Braden Fellman Group purchased One Tower Creek, a 100K SF building at 3101 Tower Creek Parkway in the Cumberland/Galleria submarket, for $6.8M, said Casey Keitchen, a senior managing director at Newmark who brokered the sale.
The price is a 40% drop from the last time the building sold, which was in 2004. It is also 23% lower than what its previous owner, an affiliate of Mivne Group, was seeking when it listed the building last year for $8.8M.
While Braden Fellman does own some office space, One Tower Creek is the firm's first foray into a traditional office building of this size, said Andrew Braden, a partner with the firm.
The reason? It was too good a deal to pass up, Braden said.
"It's really just a basis story," he said. "We bought it for $68 a foot, partially tenanted."
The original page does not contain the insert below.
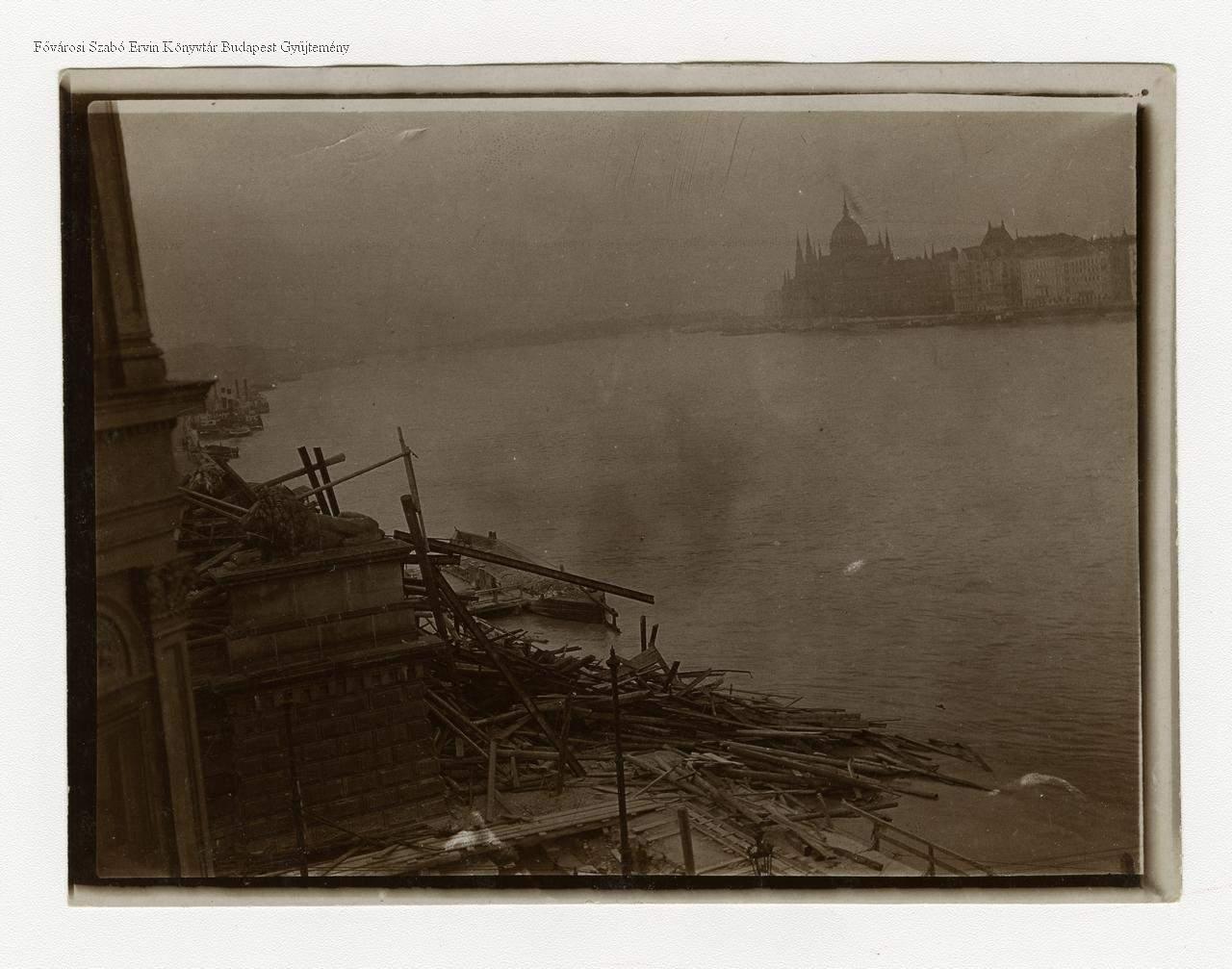Látkép a budai oldal felől, a híd egyik budai pillérével és az állványzat törmelékeivel. Háttérben az Országház épülete.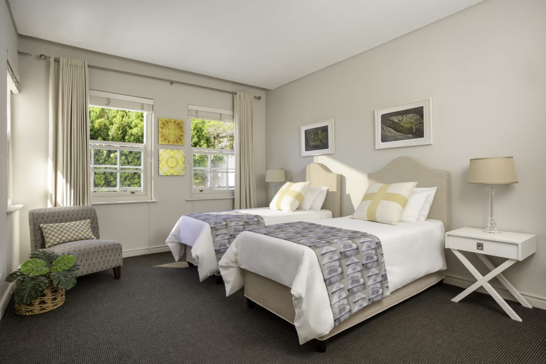 Bedroom 3 with 2 x single beds, can be made up as a king on request, aircon / heater, en-suite with bath and overhead shower and mountain views.

Braden Fellman operates several apartments and mixed-use projects in the metro area, including Mattress Factory Lofts in Grant Park and Abrams Fixtures in Adair Park, which has 60K SF of office space, according to the firm's website.
Its newest property, the glass-encased, wedge-shaped seven-story building at the nexus of Interstates 75 and 285, is just over 20% leased after its anchor tenant, Procure Analytics, vacated its 35K SF at the start of 2024.
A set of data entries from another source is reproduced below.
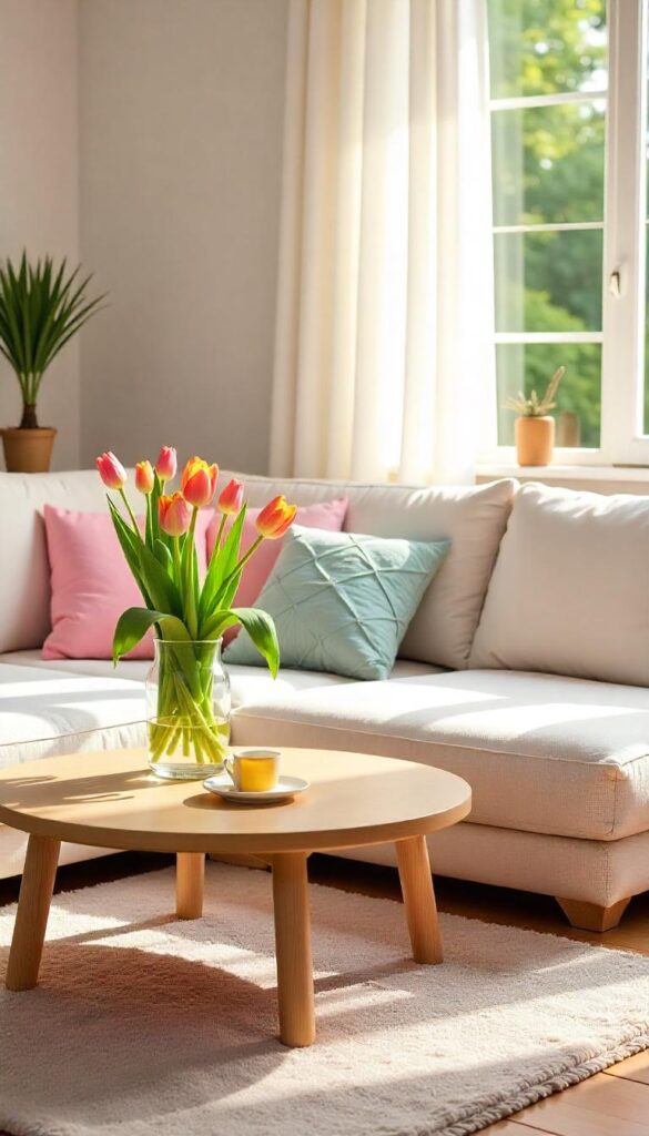 Nothing says spring like fresh flowers. Tulips, daffodils, and daisies bring a natural touch to your home. Arrange them in clear vases or colorful jars for added charm. A mix of wildflowers can create a rustic look.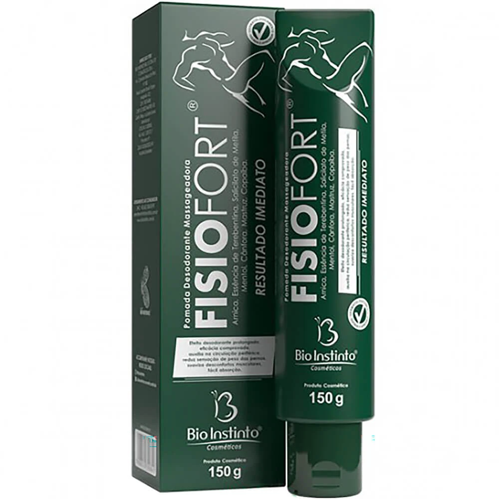 A pomada desodorante massageadora Fisiofort é uma fórmula avançada rica em ingredientes rubefacientes, concebida para proporcionar alívio imediato e conforto corporal. Com Arnica, essência de Terebentina, Salicilato de Metila, Mentol, Cânfora, Mastruz e Copaíba, essa pomada é formulada para acelerar a circulação periférica, reduzir a sensação de cansaço muscular e promover relaxamento.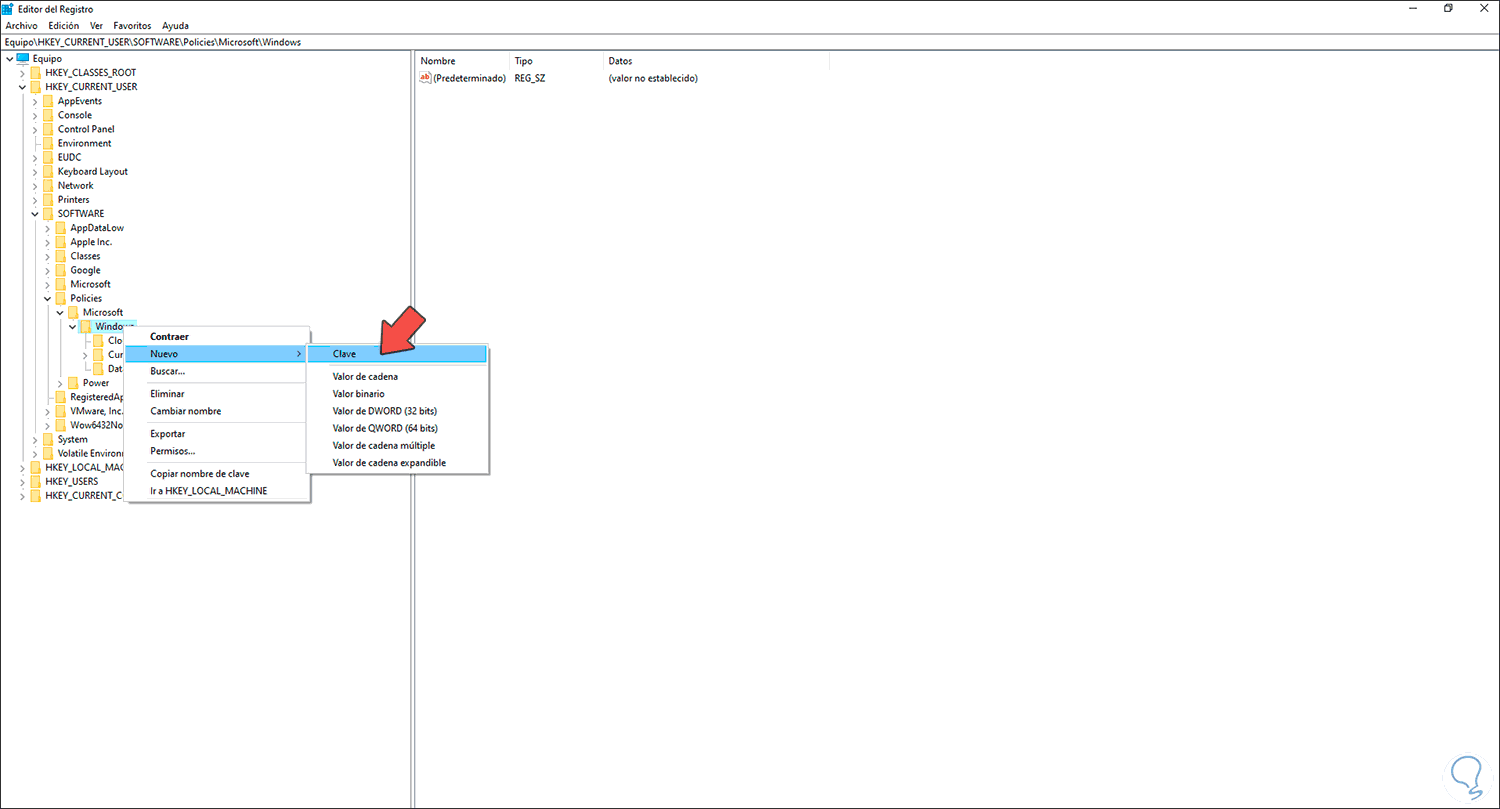 Allí damos clic derecho sobre la clave Windows y seleccionamos "Nuevo - Clave":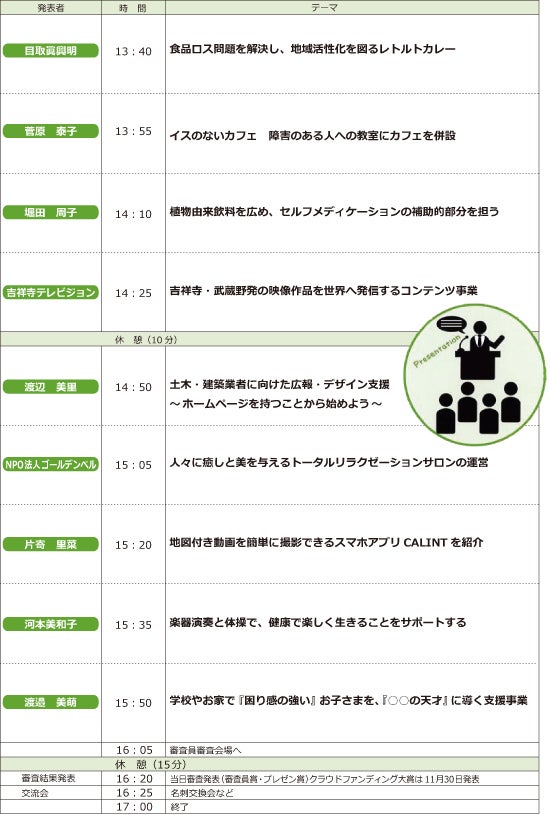 ・告知拡散:プレゼンターのビジネスプランを多くの方に知って頂く機会を提供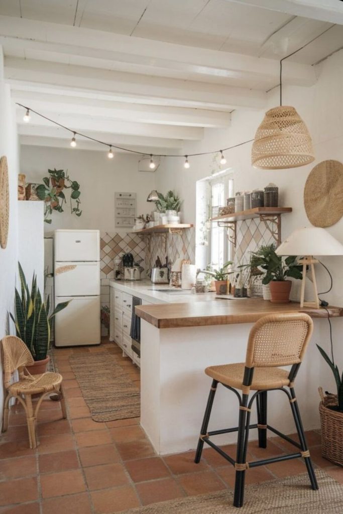 This boho minimalist kitchen is relaxed! Neutral wood and woven accents feel calm. Clean lines keep it modern. Potted cacti add charm. Perfect for small starry nights. Want this boho look? Layer textures and soft colors. Share ideas below!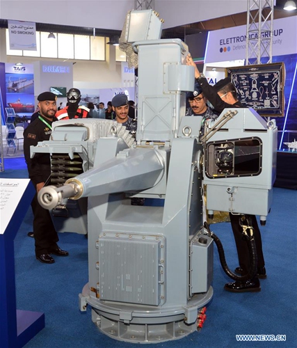 Visitors view military equipment at the 5th Gulf Defense and Aerospace (GDA) exhibition in Hawalli Governorate, Kuwait, Dec. 10, 2019. The 5th GDA exhibition kicked off on Tuesday at the Kuwait International Fairground in Hawalli Governorate with the participation of more than 200 armament companies from 31 countries and regions. (Photo by Asad/Xinhua)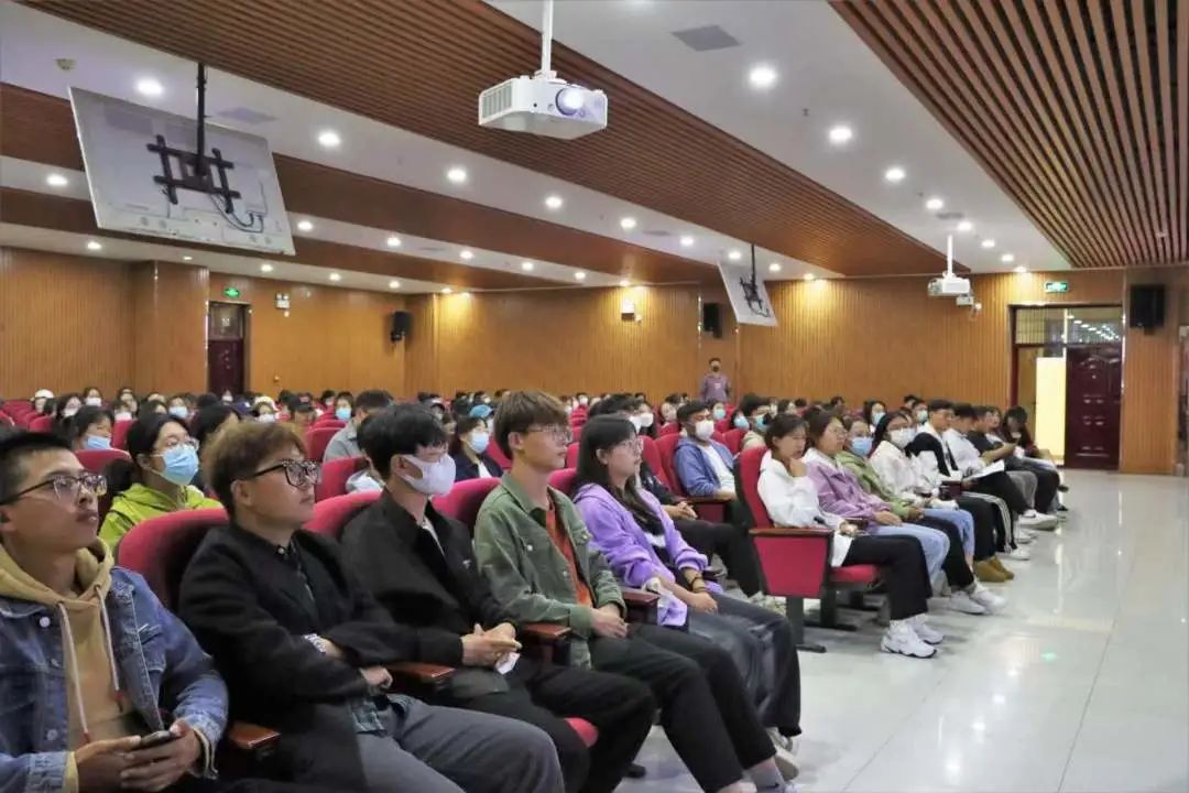 2021级本科生金晶分享了自己大学一年的体会与感受,与在场同学热情互动,使新同学对大学生活充满期待。

Tower Renaissance LLC, an affiliate of Tel Aviv, Israel-based Mivne Group, purchased One Tower Creek 21 years ago for $11.4M but defaulted last year on the building's $7.9M CMBS loan. The loan was originated in March 2015 to sponsors Fishman Holdings Canada Property Investment Trust XI and Industrial Buildings Corp. Ltd., according to the Morningstar Credit database. Industrial Buildings later changed its name to Mivne.
German American Capital Corp. originated the loan, then sold it to the CMBS trust COMM 2015-CCRE23. The loan was assigned to special servicer Mount Street in 2023 when Mivne alerted its lender that it would no longer be able to cover the property's debt service after Procure Analytics vacated, according to Mount Street's servicer commentary.
Mivne had attempted to modify the loan, but after the special servicer pushed to have a receiver take over the building's operations, the sides agreed to pursue a sale, according to the servicer commentary.
Mivne tapped Keitchen to market the property for sale last June. The county appraised the property at $10M in 2024.
The ultimate $6.8M price was more than $1M below the loan balance, resulting in a discounted payoff to the CMBS trust.
While the office market remains sluggish, Braden said the previous owner was unable to fund tenant improvement allowances and lacked the capital to pursue deals. Braden said the firm will be offering competitive deals and is already in talks with a tenant to occupy 15K SF.
“This is a beautiful building," Braden said. "It should be an 80%-leased building."